No trudno – trzeba, to trzeba. Wystające ze zlewu naczynia tak dobitnie wołały o litość, że zabrałem się za zmywanie. Kubki, szklanki, talerze i… pająk. Ogromny. Musiał wpaść w pułapkę zlewu i nie potrafił się wydostać. Łyżką pomogłem mu wyjść.
— Idź i przynieś mi bogactwo i sławę — powiedziałem do niego z uśmiechem, lecz pająk nie ruszał się. — Chyba za dużo nie oczekuję za uratowanie życia?
Nie było mnie w nocy w domu, więc może biedak siedział w zlewie już dwie doby! I jeszcze teraz tak gorąca woda! Stał niepewnie na brzegu zlewu i chwiał się na chudych nogach. Pomyślałem, że chciałbym zobaczyć jego spojrzenie, bo może bym z niego wyczytał, jak się zapatrywał na realizację mojej prośby.
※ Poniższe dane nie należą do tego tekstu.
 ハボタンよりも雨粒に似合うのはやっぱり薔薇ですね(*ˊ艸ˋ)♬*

— Jesteś podły i tyle — powiedziała Madmu Łazel. — Przecież widzisz, że pajęczak ledwo żyje, a ty o kasie i sławie ̶ prychnęła.
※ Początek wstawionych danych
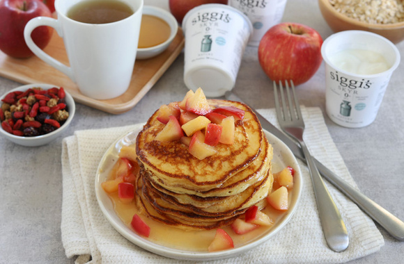 Des pancakes gourmands et super moelleux, grâce au skyr siggi's. Agrémentés avec des pommes caramélisées, ces pancakes sont idéaux pour un petit déjeuner cocooning ou pour un goûter.

— Boję się, że nie dożyje wieczora. — Zadrżała Pani Ka.
— Też się bardzo boję, ale nie martw się, kochanie, wszystko będzie dobrze. — Pan Fobia objął żonę i przytulił.
— Musisz zrzucać swój los na taką chudzinę? No chyba, że sam zarobić nie umiesz? — Pan Ek miał okazję przywalić, więc przywalił.
— Nie przejmuj się nimi — szepnął mi do ucha Pan Egiryk, który zawsze mnie wspiera. — Pająk zaraz dojdzie do siebie, a oczekiwać wdzięczności to ludzka rzecz.
— Wdzięczności?! To się nazywa wdzięczność? — Pan Logizm nie posiadał się ze wzburzenia.
— Najlepiej będzie, jak go zostawicie w spokoju — odezwał się Pan Aceum. — Niech sobie pójdzie w ciemny kąt i dojdzie do siebie.
— Racja — Pani Uchna kiwnęła głową z przekonaniem.
— A jak mnie ugryzie? — zapiszczała Pani Usia.
— Blondynek pająki nie gryzą — Pan Demonium wyszczerzył zęby.
— Ja to bym taką kreaturę raz walnął pięścią i by było po sprawie ̶ odezwał się zniesmaczony Pan Polski. — Jak wygramy wybory, to wszystkim wam pokażemy, jak macie żyć i myśleć, o! Trzeba być twardym w życiu.
— Nie tacy jak ty próbowali! — Burknął Pan Teon. — I na szczęście odchodzili w niesławie.
— Co wy z tą sławą? — wybuchła Madmu Łazel.
— Będziesz sławny i bogaty — pocieszał mnie Pan Egiryk. — Na pewno. Zobaczysz. — Puścił do mnie oko i uśmiechnął się.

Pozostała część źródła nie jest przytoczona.